Have you been to Chennai’s Tholkappia Poonga? Meet the ecologist behind it

Australian ecologist Joss Brooks, the man behind some of the city’s famed restorative projects like Adyar’s Tholkappia Poonga, elaborates on the importance of sustainable green pockets in a city like Chennai

August 23, 2023 05:05 pm | Updated 05:29 pm IST

A view inside Tholkappia Poonga

A view inside Tholkappia Poonga | Photo Credit: Special Arrangement

A welcome oasis of green, far removed from the metropolis’ daily hustle, in the happy company of pelicans and mangroves: This is how Chennai would describe Adyar’s own Tholkappiya Poonga; as the much-needed pocket of calm that reminds the city and its people of “where they came from.” This is precisely what ecologist Joss Brooks, the man behind the important ecological site, envisioned for the 60-acre stretch of Adyar creek, which was once a dumpyard for construction debris, hotspot of miscreant activities and home to a biryani shop.
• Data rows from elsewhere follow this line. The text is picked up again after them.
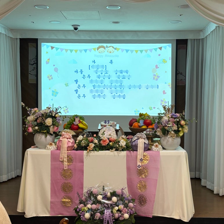 현수막, 상차림 세팅, 생신상, 케익 직접 준비 보관 가능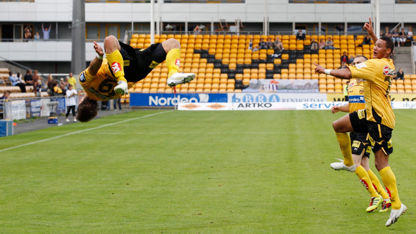Det er hele ni år siden Fredrik Gulbrandsen feiret med salto foran en jublende Ruben Gabrielsen (bildet), men kjærligheten til LSK og Romerike er like stor. Nå går de to utenlandsproffene i bresjen for at Ahus-ansatte skal hylles på et fullsatt Åråsen den dagen portene åpnes for publikum. Video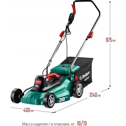 Газонокосилка электрическая ЗУБР ГСЦ-38-1700 предназначена для срезания и сбора травы на ровной площади малых и средних приусадебных участках. []Ширина 300 мм []Высота 450 мм []Глубина 690 мм []Вес 12.25 кг
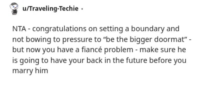 She let her fiancé and his mom have an earful and decided to bail on the trip, canceling her ticket. The man is blaming her for stirring up family drama.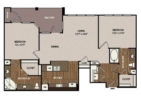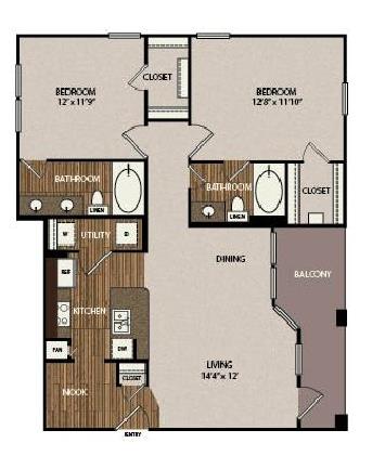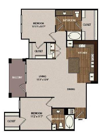 2 Dormitorios, 2 Baños, 1064 pies²Galería del Modelo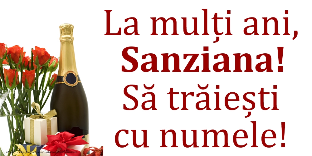 La mulți ani, Sanziana! Să trăiești cu numele! | Felicitare cu cadou, flori și șampanie | Felicitari de Ziua Numelui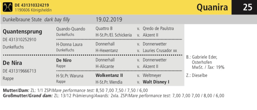 QUANIRA ( QUANTENSPRUNG x DE NIRO x WOLKENTANZ) adjudicada en 8000 euros , es hija de una hermana por parte de madre de nuestra yegua DARRYL.

A rediscovery of this urban wetland by Chennai’s urban youth is now underway despite its existence since 2008. 

Local community (friends of Adyar Poonga) at work

Local community (friends of Adyar Poonga) at work | Photo Credit: Special Arrangement

Joss, with decades of experience in mammoth restoration projects like that of Pitchandikulam forest, Siruseri twin lakes and Nandikuppam, brought in a new lexicon of gardening to Tamil Nadu. Tholkappia Poonga, armed with an elaborate master plan, is perhaps a notable manifestation of his rigour for greening the State. “I came to India [from Tasmania, Australia] 70 years ago, as a six-year-old boy. I came to Madras 64 years ago, and haven’t left since,” he says at a panel discussion on Greening Madras, in the company of Supriya Sahu, Additional Chief Secretary to Departments of Environment, Climate Change and Forests at Anna University. 

“Never forget that this is a city of lakes,” Joss says. “It was a transformation game. All the best ecologists of Tamil Nadu were involved in this project,” he says of the poonga. Sixty-five thousand tonnes of building rubble were removed. Two hundred thousand seedlings of 172 indigenous plants were planted, which had all come from Auroville. “When you see a space like this, you start using your imagination. Your imagination is backed by information and helps you read the landscape,” he says, adding that his work on a similar estuarine system for the past five decades only aided this process. 

Ecologist Joss Brooks

Ecologist Joss Brooks | Photo Credit: Special Arrangement

Having learned in “the school of common sense” with no formal education, Joss says that research, training and teaching were very much what the poonga was created for. Additionally, an organic cafe, farmers’ market and ways to generate revenue as a community-led ecological park were all part of the business plan. As the Government changed hands, a lot of these plans did not come to fruition. The masterplan envisioned the space to be an environment educational park that centers around community engagement from schools, colleges and other institutions. 

The site before 2008

The site before 2008 | Photo Credit: Special Arrangement

As the spotlight trains once again on the park, he says, “There is a conversation now, among visitors who are beginning to understand what the park was created for originally.” 

Joss believes that this is that time in history which vehemently demands living with Nature to be the norm. “The future of our species will depend on our relationship with the natural world so don’t close it off. And here, in the middle of the city, we have had a chance to create something beautiful in a clever, controlled way,” says Joss. “The pelicans seem to love it!”